Jennifer Taylor-Ide, who has worked with many musicians and also plays music herself, noted that “they could sing from their hearts and have a rockin’ good time doing it.” She added that the Moatstown Choir had a talent for helping those with a more sedate religious background to appreciate the energy and style they brought to their performances.
“They are renowned for having kept their quality high over many years, even as some members age,” Taylor-Ide added.
They also performed alongside the “Queen of Country Music,” Kitty Wells.
Alongside God, however, family remained at the core of the choir. Norma Jean Moats recalled, “I enjoyed going around with all the cousins.” Wright-Wilson talked about “the love we all had for each other.” Norma Jean Moats added that sometimes they even “cried with each other.”

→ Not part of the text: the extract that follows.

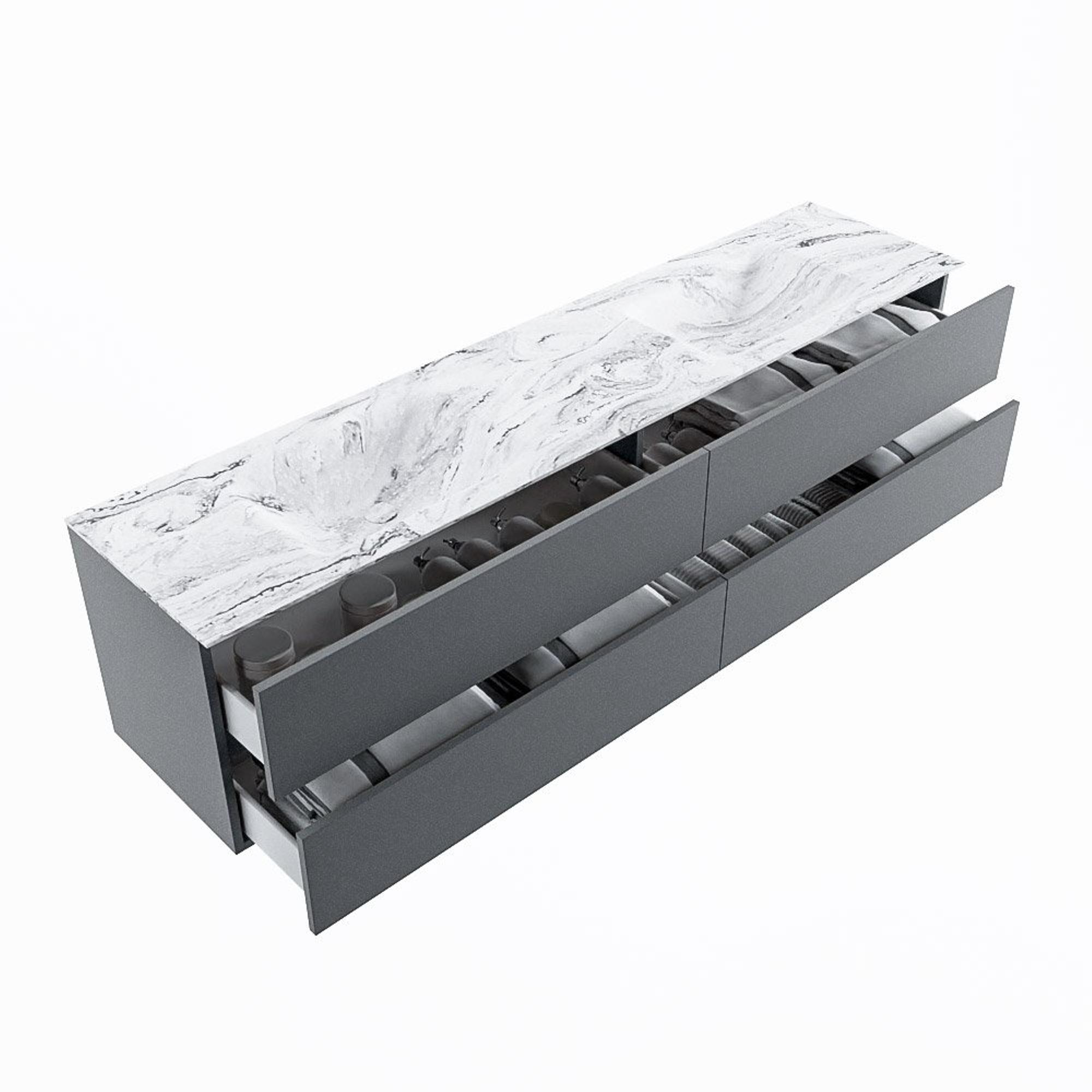 MONDIAZ VICA-DLUX Badkamermeubelset - 200cm - onderkast plata - 4 lades - inbouw wastafel cloud dubbel - zonder kraangaten - 60cm hoge versie - glace

“It’s hard to sing with your kids,” Wright-Wilson smiled, remembering a time when her son corrected her after a performance. That always was good-natured, however. “If we didn’t remember the words, we stepped up for each other,” she added, then said “If we messed up, we laughed about it.”
She said “all of us are just family.”
As time has passed, however, the trends that have caused a decline in local population have also taken a toll on the choir. Some older members have remained active, but many in the younger generations have moved away to find opportunities and establish their lives.
Paul Clayton, president of the Pendleton County Historical Society, noted that “Their music was very much appreciated and looked forward to by the majority of the county. I hate to think of having that talent not doing programs anymore.” He added that they also served as excellent “goodwill ambassadors” for the region.
The choir has paused their performances. “We still want to sing,” Wright-Wilson said. “We don’t want to give it up.” The desire to keep performing remains strong and they would bring their act back if they could restore a full instrumental accompaniment to their voices.
Wright-Wilson urged bass players “come and find us!”